In a meeting to discuss the use of a drug-sniffing dog in the San Diego Unified School District, parents demanded specific details but administrators were short on answers.
The parents’ concerns included the desire for more transparency and what some described as less militarization of the city’s school campuses.
Drug-sniffing dogs have been used on campuses since 2002, San Diego Unified Police Chief Rueben Littlejohn told parents at a meeting arranged by one concerned parent.
In those instances, outside agencies have provided the canines to the district.
However, 19-month old German Shepard Blitz is the first such trained canine purchased by the school administration for random searches of classrooms and kids’ books and bags.
San Diego High Principal of International Studies Carmen Garcia's explanation of the process conflicted with the current district drug search policy.
Garcia told parents that Blitz has visited two campuses with her school's complex - Business and Leadership and Science and Technology - and targeted classrooms that had been randomly selected.
“The principal goes into the room and says everyone could you step out of the room for a moment,” Garcia said.
When NBC 7 reporter Dave Summers pointed out that SDUSD policy states children must leave the classroom and their belongings voluntarily, not by demand, Garcia and Littlejohn did not respond.
The contradiction was not addressed.
Littlejohn said San Diego High School led the district in calls for service regarding drug activity in the 2013-2014 school year.
Several parents were concerned about lack of respect for students' rights.
“I just don't think it is a healthy environment.
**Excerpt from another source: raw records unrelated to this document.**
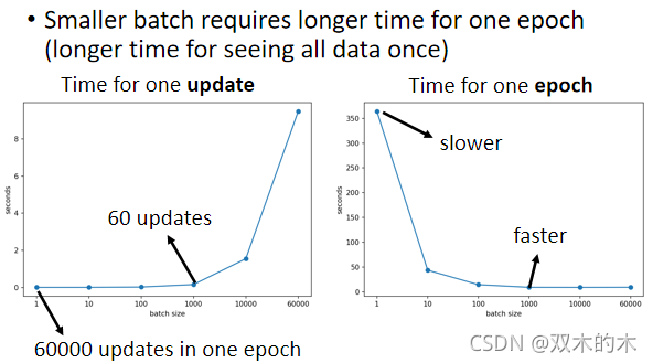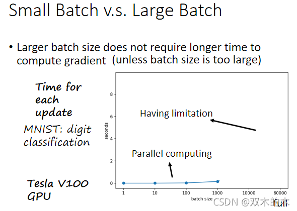 所以当你的 Batch Size 增加到 10000乃至增加到60000的时候,你就会发现 GPU 要算完一个 Batch,把这个 Batch 里面的资料都拿出来算 Loss,再进而算 Gradient,所要耗费的时间确实有随着 Batch Size 的增加而逐渐增长,但你会发现这边用的是 V100,所以它挺厉害的,给它60000笔资料,一个 Batch 里面60000笔资料,它在10秒钟之内把 Gradient 就算出来。
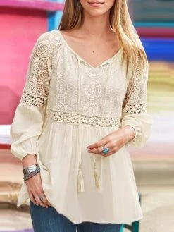 Be the first to review “Women Lace Patchwork Tie Crew Neck Long Sleeve Blouse” Cancel reply
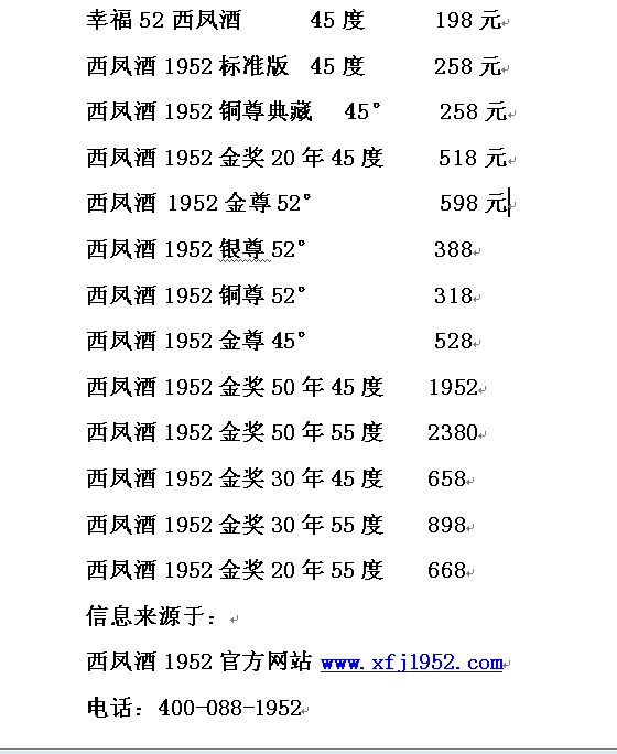 答:这是您想要的西凤酒1952系列所有的西凤酒价格表和图片一览表:如有任何问题可以联系西凤酒1952营销总公司陕西同尊品牌运营有限公司400-088-1952
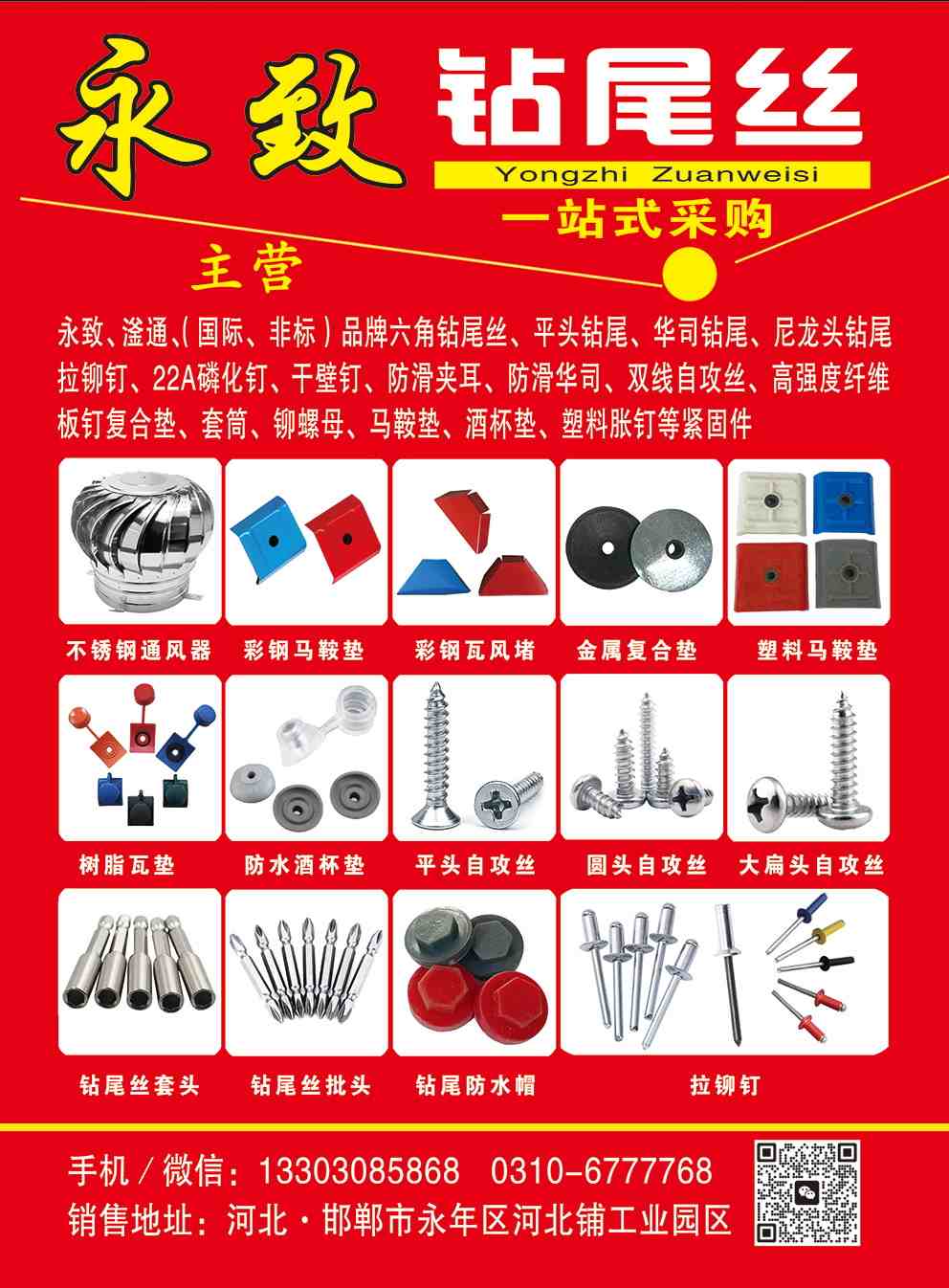 永致 滏通钻尾丝 拉铆钉(国标非标 烤漆 沉头 封闭 全铁)不锈钢钻尾丝 尼龙头钻尾 5号尾 华司钻尾 沉头钻尾 干壁钉 自攻丝 高强度纤维钉 膨胀栓等产品。
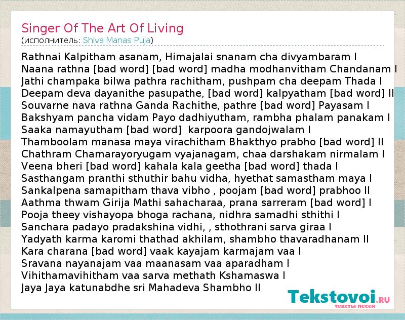 Rathnai Kalpitham asanam, Himajalai snanam cha divyambaram l Naana rathna [bad word] [bad word] madha modhanvitham Chandanam l Jathi champaka bilwa pathra rachitham, pushpam cha deepam Thada l Deepam deva dayanithe pasupathe, [bad word] kalpyatham [bad word] ll Souvarne nava rathna Ganda Rachithe, pathre [bad word] Payasam l Bakshyam pancha vidam Payo dadhiyutham, rambha phalam panakam l Saaka namayutham [bad word] karpoora gandojwalam l Thamboolam manasa maya virachitham Bhakthyo prabho [bad word] ll Chathram Chamarayoryugam vyajanagam, chaa darshakam nirmalam l Veena bheri [bad word] kahala kala geetha [bad word] thada l Sasthangam pranthi sthuthir bahu vidha, hyethat samastham maya l Sankalpena samapitham thava vibho , poojam [bad word] prabhoo ll Aathma thwam Girija Mathi sahacharaa, prana sarreram [bad word] l Pooja theey vishayopa bhoga rachana, nidhra samadhi sthithi l Sanchara padayo pradakshina vidhi, , sthothrani sarva giraa l Yadyath karma karomi thathad akhilam, shambho thavaradhanam ll Kara charana [bad word] vaak kayajam karmajam vaa l Sravana nayanajam vaa maanasam vaa aparadham l Vihithamavihitham vaa sarva methath Kshamaswa l Jaya Jaya katunabdhe sri Mahadeva Shambho ll
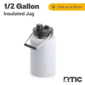 Show moreThe RTIC Jug with Handle is the ultimate companion for road warriors and outdoor enthusiasts alike. With a robust half-gallon capacity and sleek white matte finish, this large double vacuum insulated water bottle is built to tackle long journeys, whether you're hiking through rugged terrains, camping under the stars, or simply commuting. Designed from premium stainless steel, it guarantees durability and a stylish appearance that stands out while providing the functionality you need. The thermo-retentive properties ensure that your drinks stay icy cold for up to 24 hours, making it perfect for those scorching summer days when hydration is key.

It seems like a continuation of militarizing our schools, one parent said.
“If it's supposed to be a deterrent then why don't you tell people what's going to happen. How can you make a deterrent and keep it a secret that's counterproductive,” parent Ernie Villafranca asked.
Parent Brett Pickering asked, “Is there any data that says having dogs on campus improves the safety perception of students."
Pickering also pointed out that an email notifying parents of the new policy included no point of contact at San Diego High School for those parents who may have had questions or concerns. Out of courtesy NBC7 approached Principal Garcia at the end of the meeting and asked if she knew the current drug search policy, she replied let's just say we all need better clarification about this program.
Garcia pointed out that the complex serves 2600 students with four separate campuses.
“This is an effort that all four administrators on this campus decided to embrace in an attempt to make our campus safe,” Garcia said.
District Trustee Richard Barrera, who attended the meeting, said it was the superintendent’s decision to purchase Blitz on the recommendation of the district's principals.
There is no outside oversight of the program the only people who will know when and how the dog is used are the principals and police.
Barrera suggested a task force be created including educators, police, parents and students to get involved in the policy.